What to work on: Nothing but the lines from the one containing "FREEZER DOOR (INCLUDES" through the last line of the records belongs in the answer, copied exactly and with the pictures left out.

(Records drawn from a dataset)

++++++

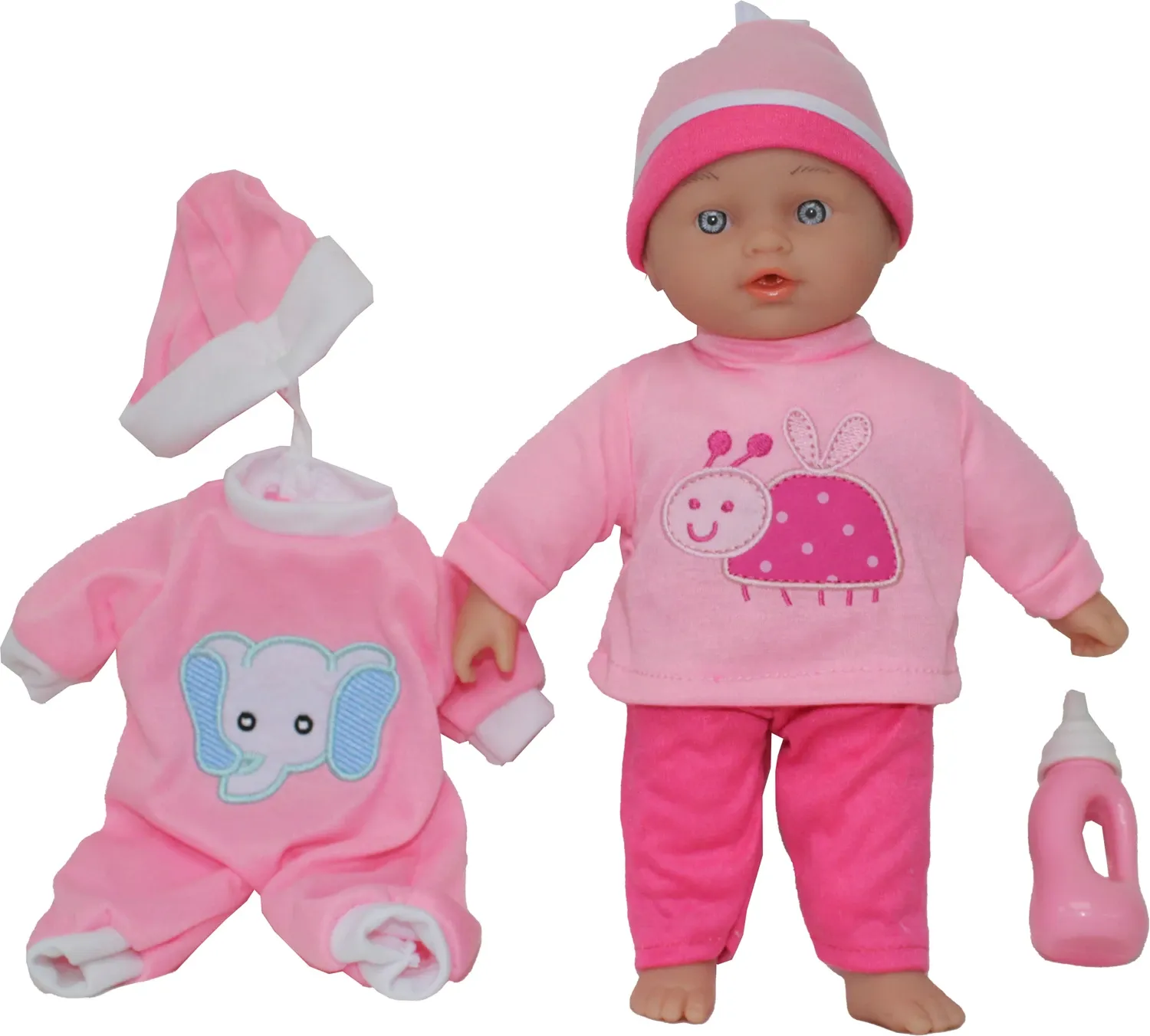 Die süsse Puppe trägt ein Mützchen, ein Oberteil und weiche Hosen. Im Set enthalten sind ein extra Strampelanzug, ein weiteres Mützchen und ein Fläschchen.
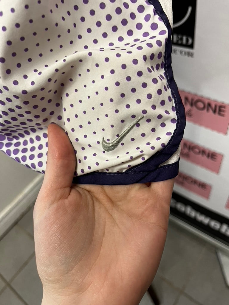 Run and play in style with these Nike Dri-Fit Shorts! Designed with white fabric and playful purple polka dots, these activewear shorts are perfect for any workout. The stretchy material provides comfort and flexibility while the dri-fit technology keeps you cool and dry. By Nike, these sports shorts are a must-have for any fitness enthusiast.
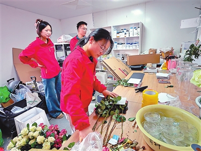 中国农大研究生在进行花卉新品种的采后处理。本报记者 张滢 摄
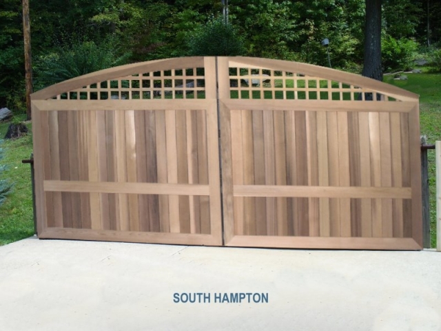 Our South Hampton style wooden driveway gate with lattice top and V-joint bottom.
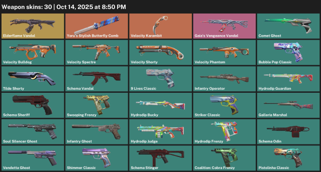 📸 Полный список смотри на скриншоте (Стильный гребень-бабочка Yoru, Керамбит Скорость, Vandal Возмездие Земли, Vandal Древнее пламя)
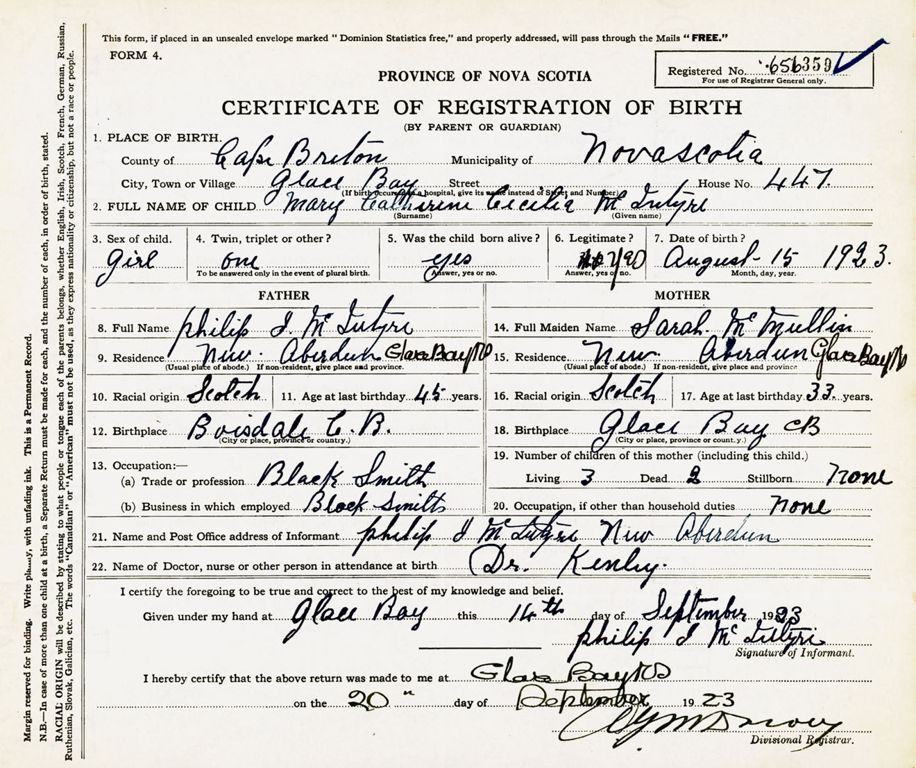 Female Birth Registration: Year: 1923 number: 65600359
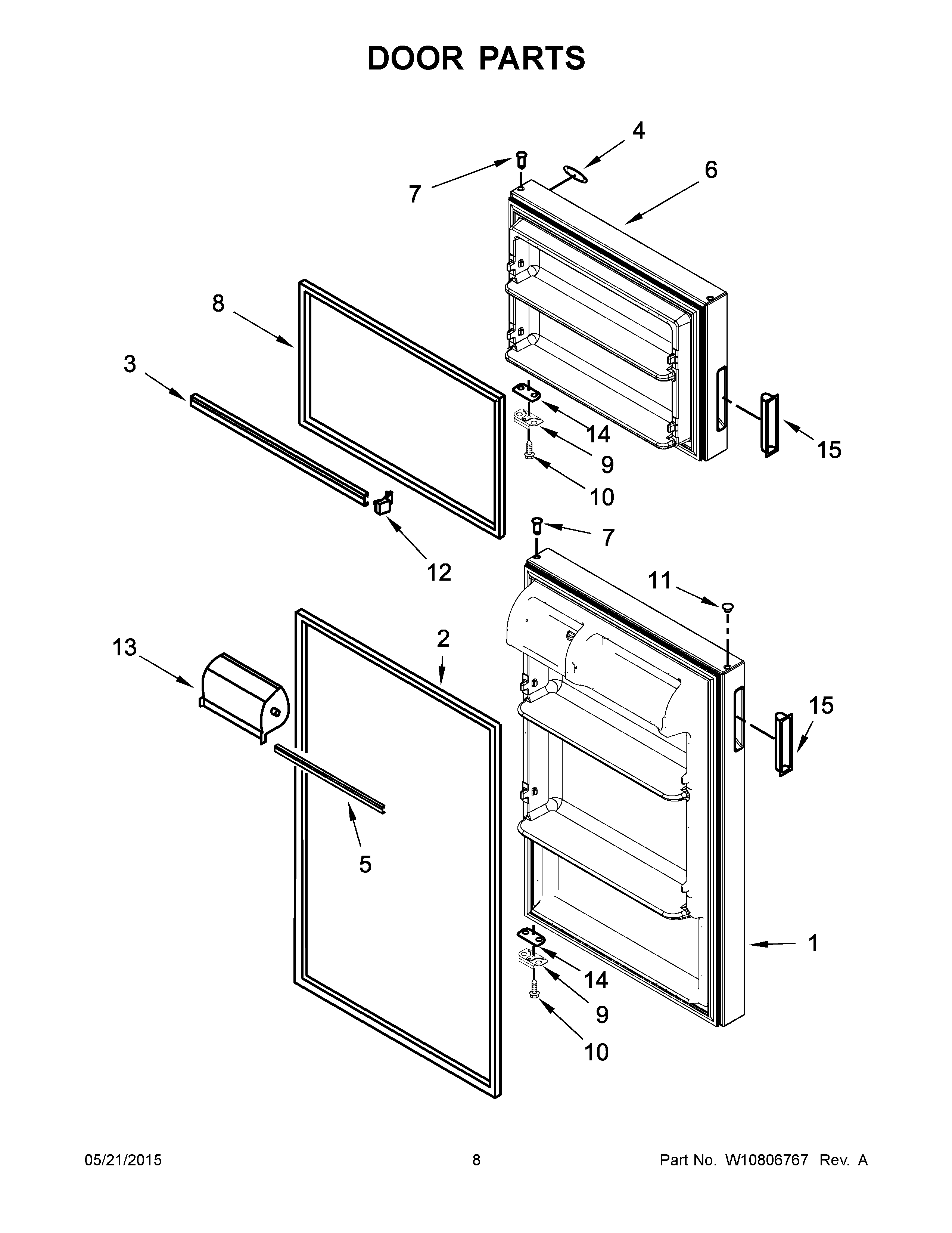 FREEZER DOOR (INCLUDES ILLUSTRATION 8 & DOOR HANDLE) (WHITE)
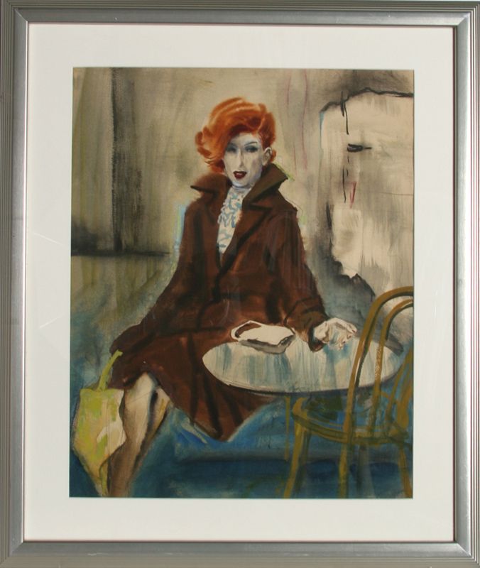 Marshall Goodman, Red-Haired Woman in Cafe, Watercolor
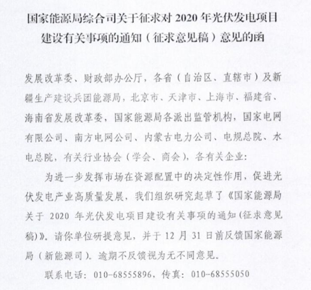 2019年12月16日,國(guó)家能源局印發(fā)《關(guān)于征求對(duì)2020年光伏發(fā)電項(xiàng)目建設(shè)有關(guān)事項(xiàng)的通知(征求意見稿)意見的函》(簡(jiǎn)稱“通知”),其中包括五大主要內(nèi)容,明確2020年競(jìng)價(jià)項(xiàng)目配置工作總體思路、項(xiàng)目管理、競(jìng)爭(zhēng)配置方法仍按2019年工作方案執(zhí)行。

++++++

Written response:
 FREEZER DOOR (INCLUDES ILLUSTRATION 8 & DOOR HANDLE) (WHITE)
 Marshall Goodman, Red-Haired Woman in Cafe, Watercolor
 2019年12月16日,國(guó)家能源局印發(fā)《關(guān)于征求對(duì)2020年光伏發(fā)電項(xiàng)目建設(shè)有關(guān)事項(xiàng)的通知(征求意見稿)意見的函》(簡(jiǎn)稱“通知”),其中包括五大主要內(nèi)容,明確2020年競(jìng)價(jià)項(xiàng)目配置工作總體思路、項(xiàng)目管理、競(jìng)爭(zhēng)配置方法仍按2019年工作方案執(zhí)行。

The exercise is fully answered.